あれは、私の若さと無知を利用するための言葉だった。
🧠 店長なのに、雇われていなかった
「店長」と聞いて、あなたはどう思うだろう?
会社に雇われて、給料をもらって、社会保険に入ってる
少なくとも、会社に守られてる立場だと想像すると思う。
私もそうだった。
でも、送られたのは「雇用契約書」ではなく、
「業務委託契約書」だった。

表にすると、両者の違いがよく分かる。
(すべてのケースがこの通りとは限らない)
💸 報酬は固定、努力はタダ働き
実態はこうだった↓
・毎日9時〜17時、決まった時間と店舗に出勤
・店舗に関するあらゆる指示はオーナーから
・自由なんてなく、完全に拘束されていた
雇われていないのに、雇われているように働かされていた。
「1時間あたり〇〇〇円を元に、月〇〇時間までが固定報酬。
その時間を超えても、追加の支払いはしない」
…つまり、働けば働くほど、タダ働きになる仕組みだった。
出勤は8時間×週5日。
さらに自宅でのLINE対応、HPの編集、発注作業…。
時給換算すれば、どう考えても最低賃金を割っていた。
それなのに、体調不良や家庭の都合で休んだ場合はしっかり減額される。
報酬は上がらないのに、下がることはある
そんな理不尽な世界だった。
⸻
🧨 会社に守られない怖さ
・交通費なし
・保険なし
・労災なし
・怪我をしても、風邪をひいても自己責任
それに加え毎日「何時に来て」「これやって」と指示はバンバン飛んでくる。
自由業なんかじゃない。
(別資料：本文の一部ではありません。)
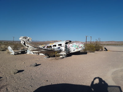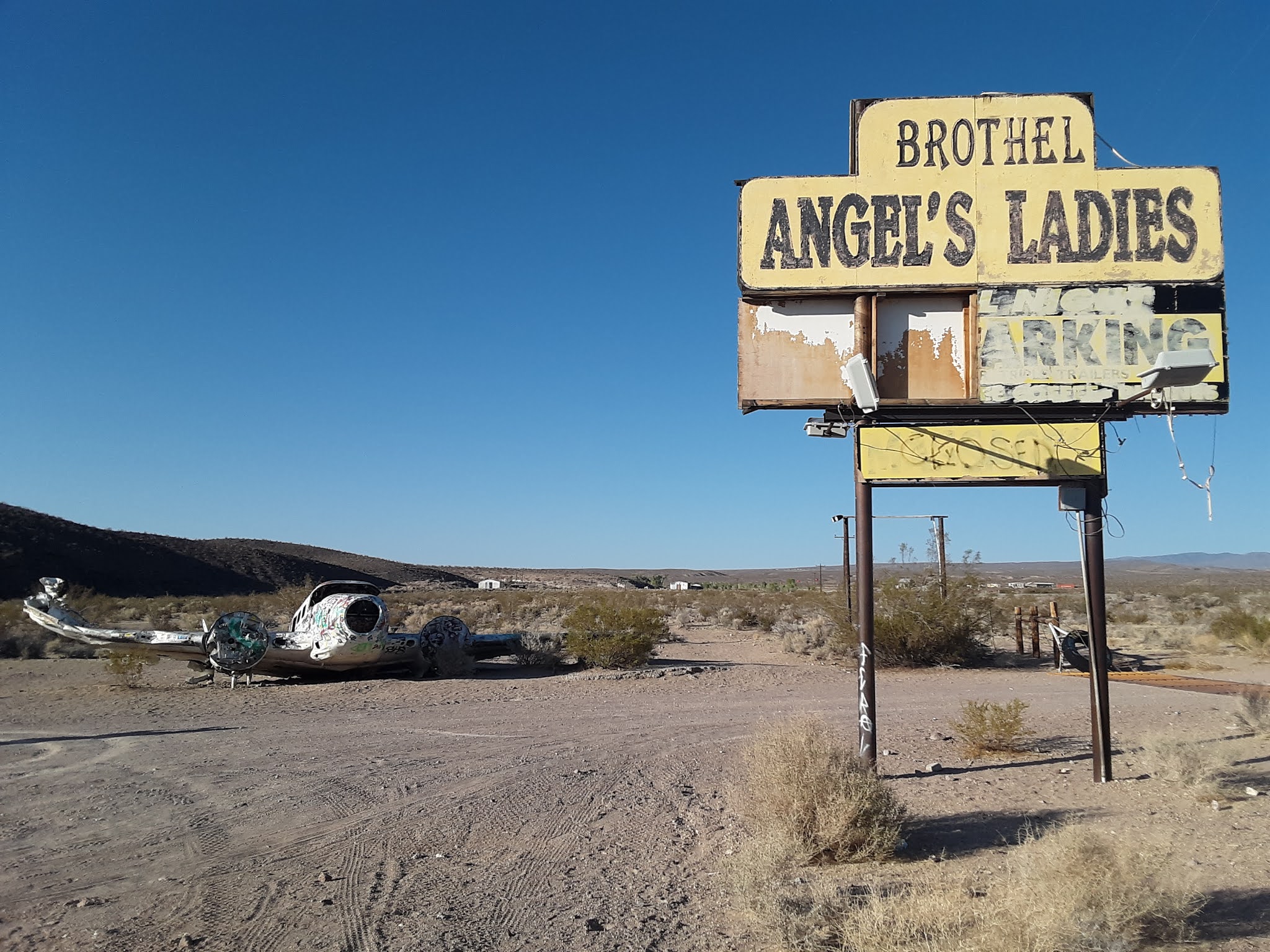 After more wide open spaces populated by wild donkeys, and towns that were like low-rent versions of Tonapah, near Beatty, we came across the battered sign from the abandoned Angel’s Ladies Brothel, next to which was a crashed plane, stripped of its engines and covered in graffiti.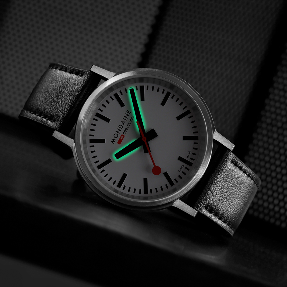 白色錶盤款式具備Backlight夜光指針- 這是 Mondaine 的註冊專利技術,它將SuperLuminova夜光塗料運用於時分指針的背面;而黑色錶盤款式則直接將SuperLuminova夜光塗料使用於指針上,這兩種設計都讓您能夠不分晝夜,清楚的辨別時間。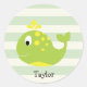 Green & Yellow Whale on Pastel Green Stripes Classic Round Sticker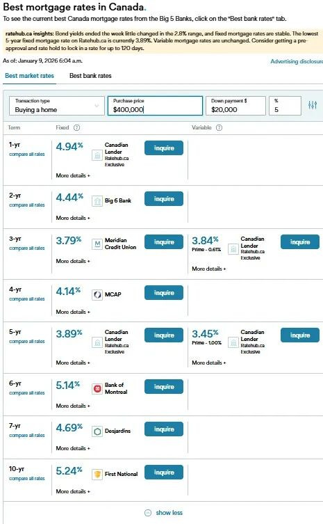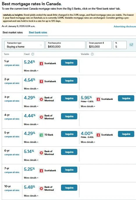 这是由Ratehub.ca: https://www.ratehub.ca/best-mortgage-rates网站提供的截止昨天1月9号加拿大银行的最佳按揭利率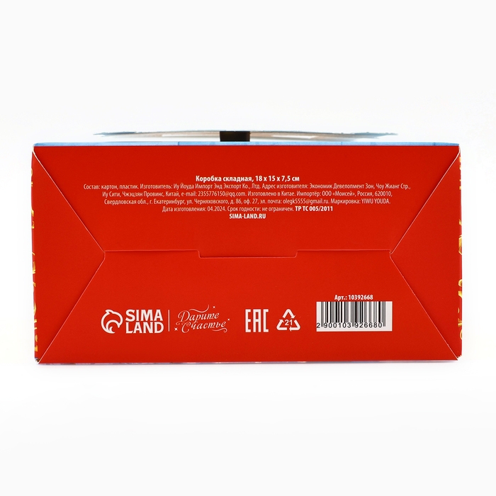 Коробка подарочная новогодняя складная с 3D эффектом «Дедушка Мороз», 18 x 15 x 7.5 см, Новый год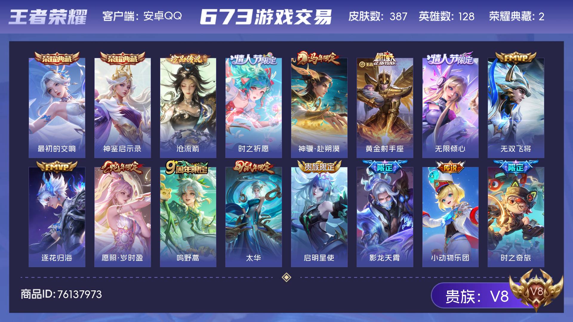 V8 皮肤387 英雄128 无双王者 荣耀典藏2 珍品传说1 传说23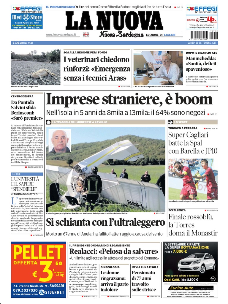 La Nuova Sardegna - Wikipedia from upload.wikimedia.org Data gara — data pubblicazione 21/05/2021. Il mio pensiero e la mia particolare vicinanza va agli. Il dipartimento della protezione civile, che oggi ha diramato un nuovo preallarme, attiva il modulo internazionale di cooperazione. The latest tweets from la nuova sardegna (@lanuovasardegna). Trova 2.729 offerte disponibili, provenienti da 25 siti partner. Questo articolo è disponibile anche in: Tra di loro, questo coraggioso cane pastore. Scopri sul sito ufficiale di sardegna turismo il territorio, la cultura, gli eventi e organizza le tue vacanze in sardegna.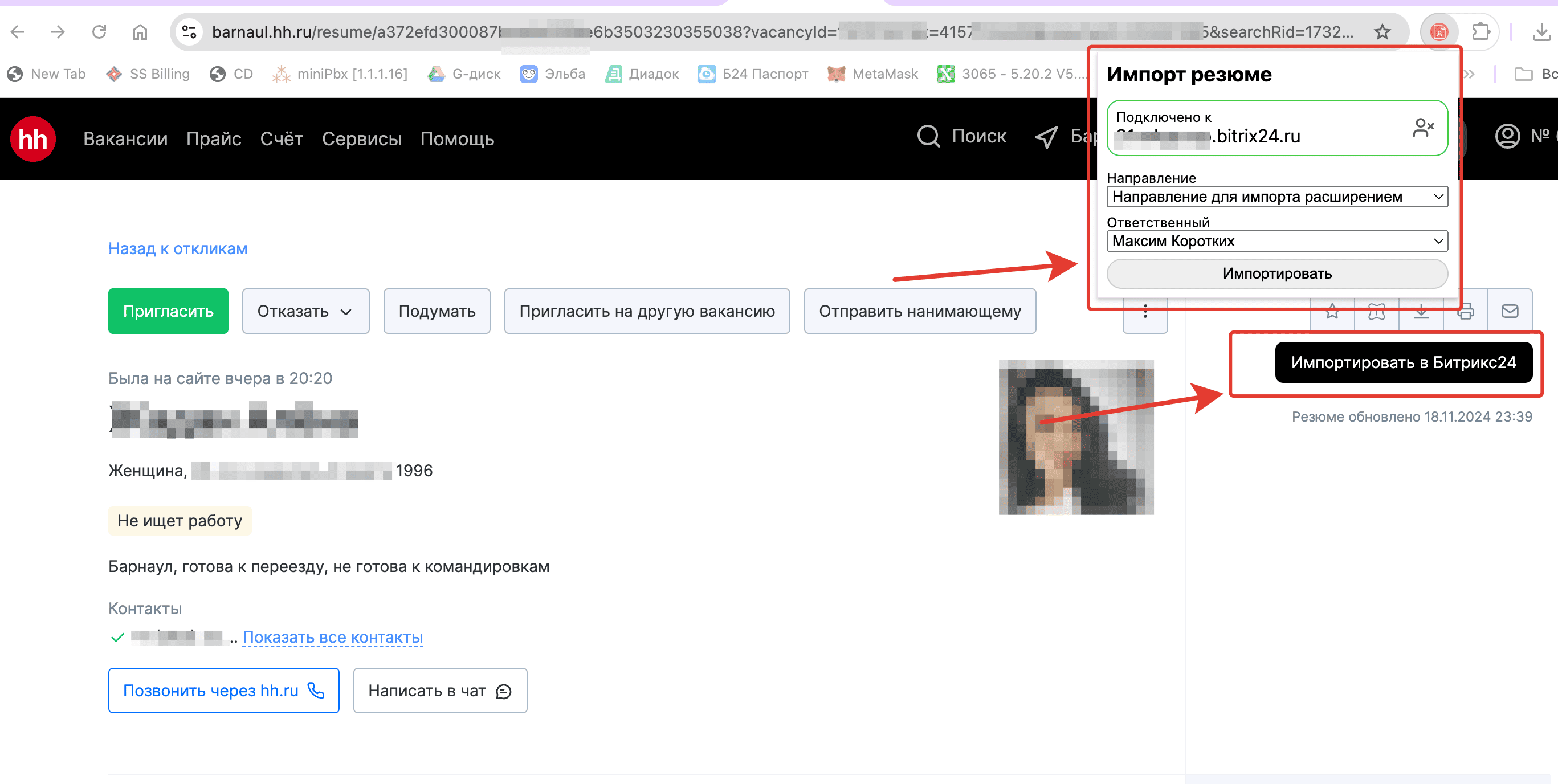 - Ручной импорт резюме в Битрикс24 с помощью расширения для браузера Google Chrome или Яндекс браузер без приглашения на вакансию.

ただの責任だけ背負わされた歯車だった。
📄 契約書は「信頼」じゃなくて「証拠」
わからない言葉もなかったし、自分なりに理解していたつもりだった。
そこに“搾取の仕組み”が隠されていることに、気づけなかった。
「あなたならできる」「信頼してる」
そんな言葉を信じていたし、努力が報われる未来を疑わなかった。
けれどその契約書には、守られない立場がしっかり明記されていた。
できる人を演じ続けた結果、壊れてしまった。
⚡ だからこそ、契約書は必ず第三者の目で見るべき
弁護士や社労士じゃなくてもいい。
身近に頼れる人がいなければAIでもいい。
ChatGPTみたいなAIに契約内容を見せて、
「これ大丈夫?」と聞くだけでも冷静な視点で見てもらえる。
知識がないことは仕方がないけど、確認しないことは危険すぎる。
契約書はあとからそんなつもりじゃなかったと言っても通用しない。
「あの人のことは信頼してるから大丈夫。」で済ませたら、取り返しがつかないことになる。
✍️ 最後に
報酬は増えない。リスクは全部こっち。
労働基準法は適用外。
それが業務委託という名の契約。
これは、“知らない人を狙って搾取する構造”だった。
あなたには、同じ目に遭ってほしくない。
情弱を狙った仕組みにどうか騙されないでほしい。